Newcomer guest artists to the BSO highlighted a program taken up with the concerto and symphony, two of classical music’s most revered and fruitful creations. Isabelle Faust, Juliane Banse and Mark Wigglesworth joined the Boston Symphony Orchestra in Violin Concerto in D Major by Beethoven and Symphony No. 4 in G major by Gustav Mahler, both of these enormous works receiving performances in an open dress rehearsal and concerts this week at Symphony Hall. The final concert in Saturday, April 19.
Conductor Yuri Temirkanov and violinist Julia Fisher had withdrawn as the originally scheduled guest artists for this concert. The BSO program read that Temirkanov “has cancelled all of his United States engagements for this period” and “Isabelle Faust was available at short notice to replace Julia Fisher, who has withdrawn for personal reasons.”
The heralding of the newcomers stood in contrast to news heard earlier in the day of the BSO’s having to forgo its tour of Italy and France next year due to the grim economic conditions that so much of the world continues to experience.
As for Mahler and the rest of us, music, thankfully, allows escape from weltlich Getümmel or “worldly tumult”. In her Boston debut, soprano Juliane Banse captured such sentiment in Mahler’s far-flying symphony. Taking her cue from the composer’s score she sang Life in Heaven “with childlike cheerful expression.”
Hers is a voice that really means something as it changes color, vibrato, strength and emotion, always maneuvering adroitly around text and melody. Banses’s tapestry-like red attire and openly generous smile previewed her “childlike” probe of Mahler’s own inimitable voice.
Unfortunately, Wigglesworth allowed the orchestra to overpower her voice up to the closing section where sublime singing and playing emerged. Strangely, the last note of the symphony, a very low sound written for the basses, was virtually inaudible.
Throughout a good part of the symphony an imbalance of orchestral sound loomed, brass over winds, winds over strings-and at certain instances, solo blasts seemed inspired by Heavy Metal decibel levels. Too often, Mahler’s keen multitasking passages were turned into faint blocks of sound.
There were a good number of exceptions to this, however.
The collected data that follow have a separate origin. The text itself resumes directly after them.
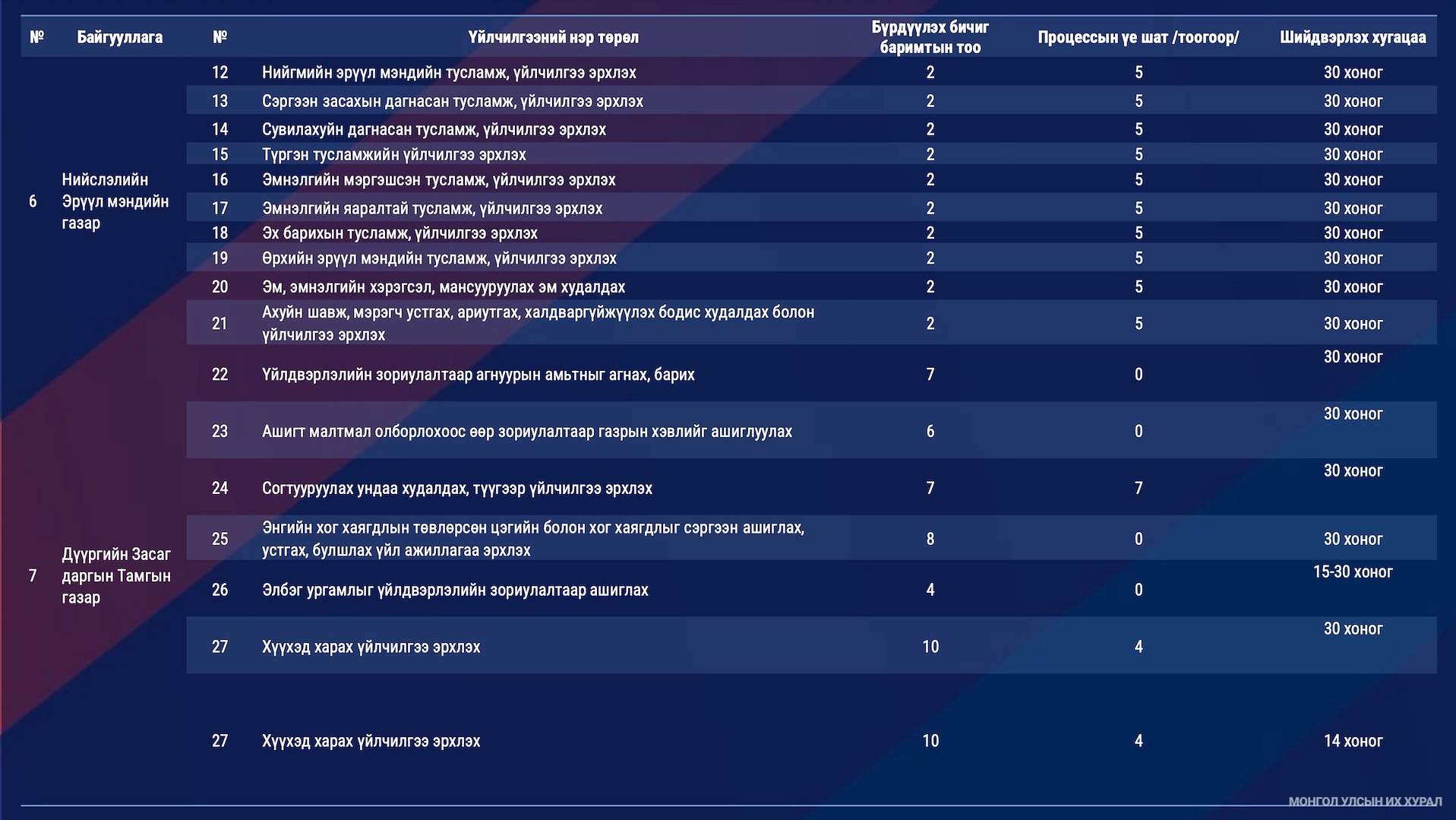 Худалдаа, үйлдвэрлэл, үйлчилгээний чиглэлээр худалдаа; хоол үйлдвэрлэл; ахуйн үйлчилгээ; зочлох үйлчилгээ; чийрэгжүүлэх, бялдаржуулах үйлчилгээ; авто үйлчилгээ; тоглоомын төв; соёл урлагийн үйлчилгээ; үйлдвэрлэл гэсэн есөн чиглэлийн бүртгэлийн үйлчилгээ байдаг юм байна.
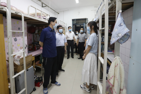何秀敏委员一行先后深入校园实地查看了学生宿舍、食堂、校医院、保卫处监控室、信息化管理中心等重点场所,检查了疫情安全防控落实和应急处置预案情况、留校学生学习生活保障及在校管理情况、师生自我防护、核酸检测和隔离工作情况、值班值守等情况,并就师生摸排、灾后重建、开学准备工作等问题与学校领导进行了交流。
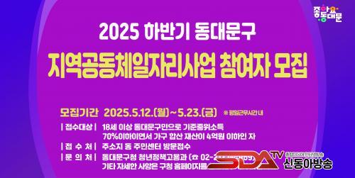 À̹ø »ç¾÷Àº ¿ì¸® µ¿³× Ä®°¥ÀÌ¡¤¿ì»ê¼ö¸®, Áß¼Ò±â¾÷¡¤¼Ò»ó°øÀÎ Ãë¾÷Áö¿ø »ç¾÷, ã¾Æ°¡´Â ¹æ¹®¼Òµ¶ »ç¾÷, ã¾Æ°¡´Â ´Ù¹®È ÀÌÇØ±³À°, ²ÞÀÚ¶÷°øµ¿À°¾Æ¹æ ½Ã¼³È¯°æ °ü¸®, ÀÚ¿øÀç»ý»ç¾÷, ¸¶À»¸¶´ç °¡²ÞÀÌ ¿î¿µ »ç¾÷ µî ÃÑ 7°³ ºÐ¾ß¿¡¼ ÃÑ 21¸íÀ» ¼±¹ßÇÑ´Ù. ÃÖÁ¾ ¼±¹ßµÈ Âü¿©ÀÚ´Â 7¿ù 1ÀϺÎÅÍ 10¿ù 31ÀϱîÁö ¾à 4°³¿ù°£ ±Ù¹«ÇÏ°Ô µÈ´Ù. ±Ù¹« Á¶°ÇÀº ÁÖ 5ÀÏ, 1ÀÏ 3½Ã°£ ¶Ç´Â 6½Ã°£ ±Ù¹«À̸ç 2025³â ÃÖÀúÀÓ±Ý(½Ã°£´ç 1¸¸ 30¿ø)ÀÌ Àû¿ëµÈ´Ù.
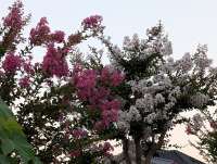 境内には約130本のさるすべり(別名、百日紅)が植えられており、7月頃から咲き始め8月に見頃を迎えます。今年は暑さのせいか、花が少ない様に感じます。さるすべりの他、樹齢600年の楠も見ものです。
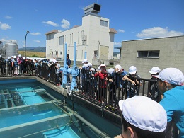 浄水場に行き,琵琶湖からくる水がどんどんきれいになっていく様子を直接見て,子どもたちもとても驚いていました。
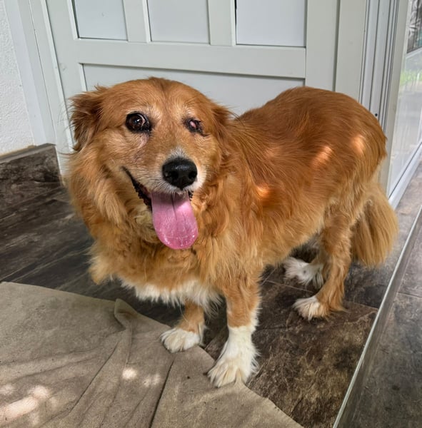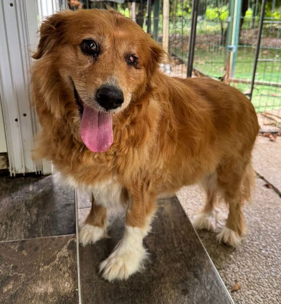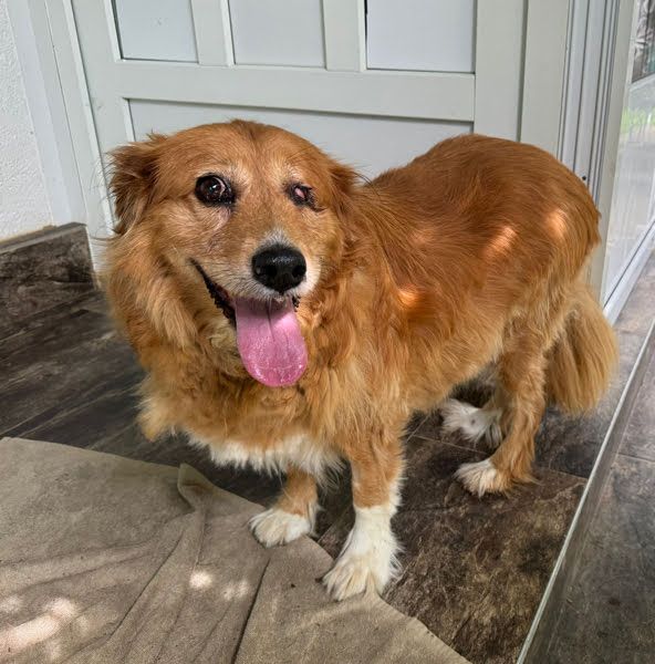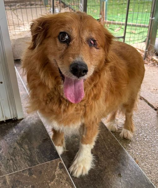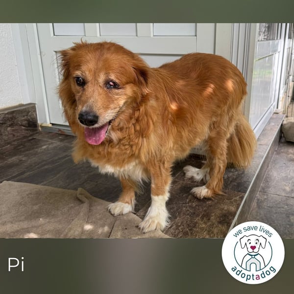 Pi ist etwa 53 cm groß – eine stattliche, aber sehr sanfte Hündin. Ihr fehlt ein Auge, doch

In the second movement, Wigglesworth and the BSO caused layers of music to chatter at the same time, each musical line made clear, all the while putting across supple dance moves in the Viennese vein. “Pretty easygoing,” the general instruction Mahler etched in the opening movement, became “pretty serious going” in this uneven interpretation. Overall, those Mahlerian waves of emotion headed the music heavenward; but with too little poking fun, Mahler’s life in heaven became less than replete.
Violinist Isabelle Faust took us inside of Beethoven’s clearly contoured concerto. Hers is a firm, virtuosic sound that keeps the mind intrigued, the ear astonished and the heart content. Faust’s choice of cadenza for the first movement, a version of the one written by Beethoven that includes a tympani part, and her decision not to end the second movement with a cadenza but rather start up the third movement with several “false starts” lent still more veracity to her performance of this immense composition.
For both Faust and Banse, music of the 20th century has made its way significantly into their repertoire. To what degree, if any, has their experience with a newer music informed their visions of an older music, say that of Beethoven and Mahler, heard on this concert? Faust, Banse and Wigglesworth each brought something new to a Boston Symphony Orchestra concert. Programing the Beethoven concerto and Mahler symphony, together, also deserves a round of applause.